Authors have suggested that smokers have a reduced capacity for an inflammatory response to microbial changes. These studies reported greater colonization by periodontal pathogens in the bacterial plaque of smokers. The mean TNF-α and IL- 1β levels in GCF of mothers with adverse with adverse pregnancy outcomes was significantly higher than the other groups. The levels were higher in-group2, which is suggestive of an increased risk of these patients to adverse pregnancy outcomes.
Group 3 which includes subjects without history of smoking but with adverse pregnancy outcomes also shows significantly high levels of the cytokines which could be attributed to other factors like socioeconomic status, oral hygiene, obesity, stress, and specific hormonal alterations or maternal infections during pregnancy which the patient is not aware of.
Group 4, which includes patients without any history of smoking and no adverse pregnancy outcomes, shows relatively lesser levels of both the cytokines.
Group 5, (control) which includes patients without periodontitis, non-smokers and no adverse pregnancy outcomes, shows the least levels of cytokines.
Thus above results are suggestive of a positive correlation between smoking and adverse pregnancy outcomes in subjects with periodontitis.
The limitation of our study was the lesser availability of the number of subjects who were smokers especially in group 3 which involved patients with periodontitis, with adverse pregnancy outcomes and without a history of smoking or passive smoking.
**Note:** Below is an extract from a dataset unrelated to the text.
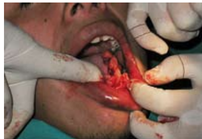
Figura N.º 8. Sutura.

The reason to this could be attributed to the fact that very few females are habitual to smoking, more so during pregnancy even in the urban population of the area where the study was conducted.
In future, we propose to conduct a study with a larger sample size such that the values for comparison can establish a strong correlation between the parameters that have been considered in the current study.
Thus the increased TNF-α and IL-1 β levels signify that adverse pregnancy outcomes which could be seen in women who had a history of smoking, are because of the confounding effects of smoking on periodontitis.